You’re looking at one mixed “debug dictionary” that EVL returns: it contains (i) 2D backbone artifacts, (ii) the lifted voxel grid + observation masks, (iii) the refined 3D neck features, and (iv) the task heads (occupancy + 3D OBB detection). The keys are set mostly in Lifter.forward() (voxel/rgb stuff) and EVL.forward() + EVL.post_process() (neck + heads + decoded boxes). (GitHub)

Below I explain each entry you printed and give a use / don’t-use recommendation for a VIN-style RRI scorer.


2 The short, skeptical answer to “should we use head outputs instead of neck features?”

Yes — for a minimal VIN, it’s reasonable to start with head outputs, because:

  • occ_pr is already an explicit surface/occupancy reconstruction signal (bounded, low‑dimensional). (GitHub)
  • The lifter provides explicit observation evidence (voxel/counts, voxel/occ_input + free-space mask inside voxel/feat) that’s highly aligned with NBV/RRI intuition: choose views that cover unknown or weakly observed regions. (GitHub)

But: don’t throw away neck features permanently. Neck features are the “pre-decision” representation that heads compress into very few channels. If performance stalls, re‑introduce neck features via a 1×1×1 compression. (GitHub)


3 Key-by-key explanation and “should VIN use it?”

I’ll group them by function. Shapes refer to your printout (they depend on config/checkpoint).

3.1 A) Core voxel geometry / coordinate contract

3.1.1 voxel/T_world_voxelPoseTW (B, 12)

What it is: The pose of the voxel grid in world coordinates (world←voxel). The voxel grid is anchored to the last frame of the snippet and gravity-aligned (roll/pitch ≈ 0; yaw-only). (GitHub) Use for VIN? Must-use. You need it to map candidate-frustum 3D sample points (world) into voxel coordinates for trilinear sampling.

3.1.2 voxel_extent(6,)

What it is: [x_min, x_max, y_min, y_max, z_min, z_max] defining the voxel grid’s metric bounds in the voxel frame (meters). EVL passes this around explicitly. (GitHub) Use for VIN? Must-use. Required to normalize voxel coordinates and implement valid masks for sampling.

3.1.3 voxel/pts_world(B, D*H*W, 3) (here 110592 = 48³)

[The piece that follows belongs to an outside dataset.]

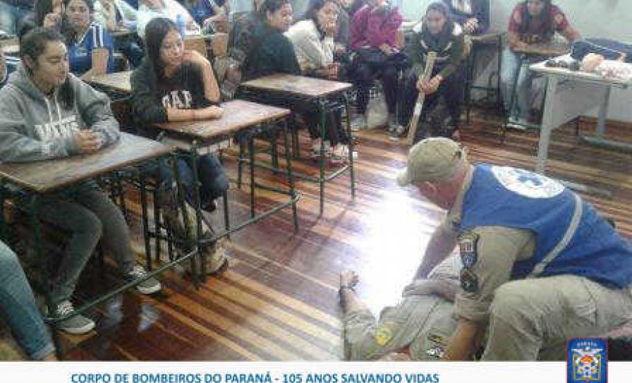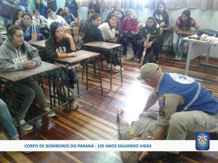 Na última segunda-feira (17) a unidade de Palmas representado pelos soldados Jonas, Winters e Trento ministraram a palestra sobre primeiros socorros ao alunos do magistério do Colégio Estadual Dom Carlos em Palmas.

What it is: The world coordinates of every voxel center (a flattened voxel grid). It’s generated from voxel_extent and T_world_voxel. (GitHub) Use for VIN? Usually no. It’s redundant (you can generate the same points on demand). Only useful for debugging/visualization or if you want a one-time precomputed voxel-center point cloud.

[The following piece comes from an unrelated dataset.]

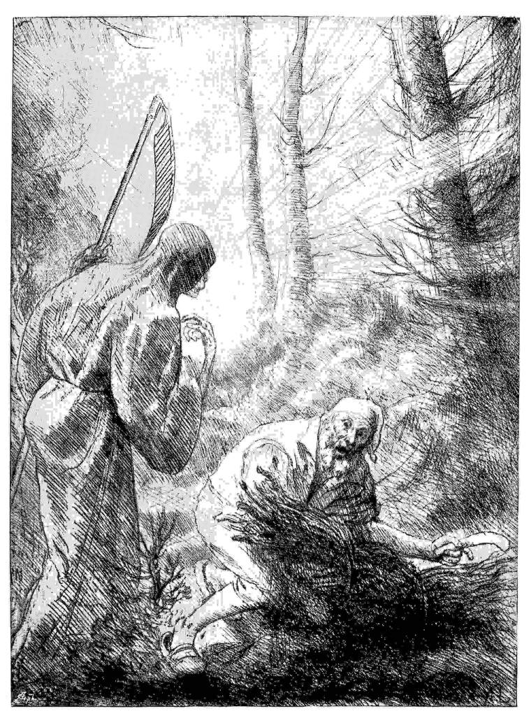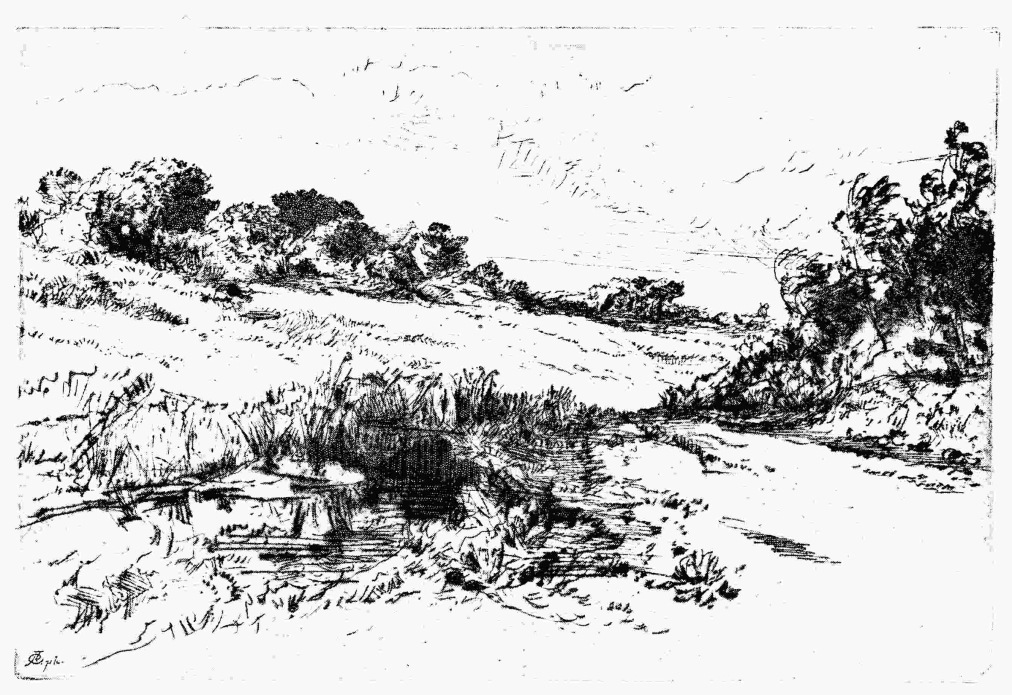 Realist, but always poet, in his treatment of these themes—and in the treatment of such a dramatic plate as “ncendie,” such a nobly imaginative plate as “La Mort et le Bûcheron”—Legros, when he betakes himself to landscape, is realist no longer, or, rather, his realism here is shown only in his contentment with the homely scene, the most everyday material. Generally, on impression of his landscape is that it is built to some extent upon the memories of his youth; that, since then, a little observation has gone a long way—that he has cared to dream and fancy rather than to actually notice. Here and there, in his etchings, one maybe reminded of the uplands around Dijon, or of the chalk hills of the Boulognais, with its wide fields and haystacks, its gaunt outhouses—a land which rumours of “high farming” have never reached. As the railway train swept under the hillside, Legros, one thinks, may have profited by a glance from the windows. And out of the glance, and out of the memory, and out of the{70} artis genuine sympathy with humble and monotonous days, there has grown a homely poem.

3.1.4 voxel/selectT(B,) int

What it is: The selected time index used to anchor the voxel grid (by default T-1). (GitHub) Use for VIN? No (training), yes (debug). You typically only need T_world_voxel directly.

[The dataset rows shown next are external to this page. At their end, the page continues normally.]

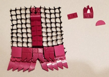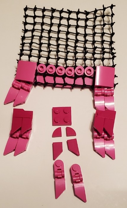 I just want to say that I did mess up at the bottom part of the cape, but I did find it in the middle of taking pictures. When building, make sure the net knots are In between the the one by one studs.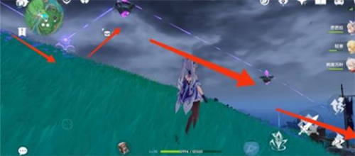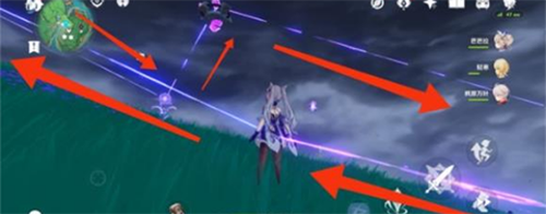 1、首先玩家要先将两个继电石都收集并且放置好;之后去触碰左右两边带电元素的花,使得自身附着电元素可以激活中转站。
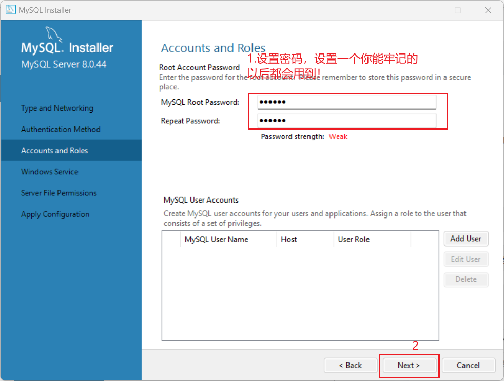⚠️ 重要提示 :输入MySQL中root用户的密码时,一定要记住该密码,后续连接数据库需要使用!

3.2 B) Observation evidence injected into 3D (high value for NBV/RRI)

3.2.1 voxel/counts(B, D, H, W) int64

What it is: For each voxel, how many snippet frames/streams produced a valid projection into the image during lifting. It is computed as a sum over valid projection masks. (GitHub) Use for VIN? Yes (strongly recommended). This is a direct proxy for coverage / observation density inside EVL’s voxel volume.

Practical note: Normalize it to [0,1] by dividing by the maximum possible count (≈ T * #streams_used), converted to float.

3.2.2 voxel/counts_m(B, D, H, W) int64

What it is: A “masked/debug” variant of the counts (EVL explicitly says it’s passed for debugging). (GitHub) Use for VIN? No for learning, unless you’ve verified it’s identical to what you want. Prefer voxel/counts + explicit masking logic in your VIN.

3.2.3 voxel/occ_input(B, 1, D, H, W) float (mask)

What it is: A binary occupancy mask derived from the input 3D points (semi-dense/GT points in the batch): EVL voxelizes the point cloud and turns voxels with any points into 1.0. (GitHub) Use for VIN? Yes. This is extremely aligned with the oracle’s “current reconstruction” (semi-dense points), and it helps predict where RRI can still improve.

3.2.4 voxel/feat(B, F, D, H, W) (here F=34)

What it is: The raw lifted voxel feature volume before the neck. It is:

  • lifted + aggregated 2D features (here 32 channels),
  • concatenated with point_masks and free_masks (2 extra channels). (GitHub)

Use for VIN?

  • Not as-is, unless you compress it. It’s a fat tensor that’s less refined than the neck, and you’ll pay for sampling it.
  • But: the last channel is the free-space mask (from ray samples up to observed points), which is valuable and otherwise not exposed as its own key in your printout. (GitHub)

Actionable recommendation: For a head-centric VIN, extract just:

  • occ_input = voxel/occ_input (occupied evidence),
  • free_input = voxel/feat[:, -1:] (free-space evidence),
  • counts = voxel/counts (coverage), and optionally ignore the rest of voxel/feat.

3.3 C) 3D neck features (rich, but heavier)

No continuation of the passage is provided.